Lord Sheikh: My Lords, I thank the noble Lord, Lord Dykes, for initiating this timely debate. I chair the Conservative Muslim Forum, and I am involved in interfaith dialogue promoting peace and harmony among different racial and religious groups. I am convinced that the majority of Israelis and Palestinians want a durable two-state solution. That being said, history has proven that Israelis and Palestinians, even when they are ready to negotiate directly, will need a credible third party to guide them through the process. Here, the role and full support of the President of United States will be essential. America remains the only power that is acceptable to both sides. I welcome the appointment of Tony Blair as the Middle East quartet’s new envoy. He is likely to obtain support from America and from other countries. He has the skills to engage with Hamas as he did with Sinn Fein.
The UK must continue to work closely with the quartet and with regional partners to negotiate, mediate, help strengthen Palestinian institutions and to improve security. We must offer President Abbas our full support in putting together a “moderate”
Government of national unity that is critical to taking forward the peace process. We have made it clear that we would be prepared to move forward on the quartet’s three principles: renunciation of violence, recognition of Israel, and acceptance of previous agreements and obligations. There are encouraging signs.
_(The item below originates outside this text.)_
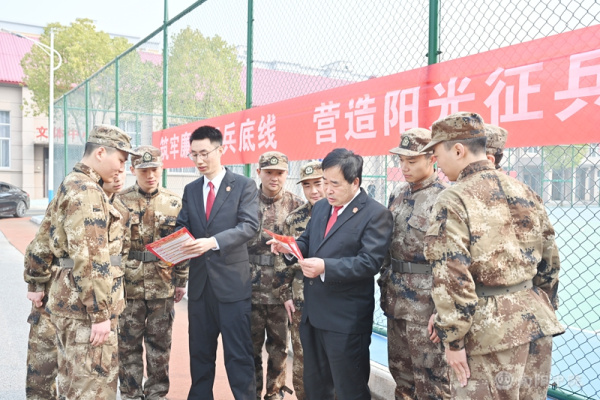 阳春三月,戎装待发。为从源头上筑牢预定新兵法治根基,助力强军兴军事业,3月11日,社旗县人民法院机关党委副书记刘枫林、民事审判一庭负责人詹兴合一行走进县人武部,开展“送法进军营”活动,通过一堂干货满满的“法治第一课”,为即将踏入军营的“准新兵”系好军旅生涯的“第一粒法治扣子”。

At a summit in Sharm el-Sheikh, Ehud Olmert promised to release some $560 million in frozen tax revenues to the Palestinian Authority, to free some 250 Fatah prisoners from Israeli jails, to ease restrictions on the movement of Palestinians in the West Bank and to enhance Israeli trade with the Palestinians. Such actions are vital to the Palestinian people and will help to improve the humanitarian and economic situation, which is dire and critical. Greater freedom of movement would produce immediate and significant benefits. A lot of the violence is a result of frustrated Palestinians who are not able to obtain the basic necessities of life.
The peace process ought to be based and concluded on the basis of a two-state solution, and I believe that there is a glimmer of hope emerging for renewed engagement between Israel and the Palestinians.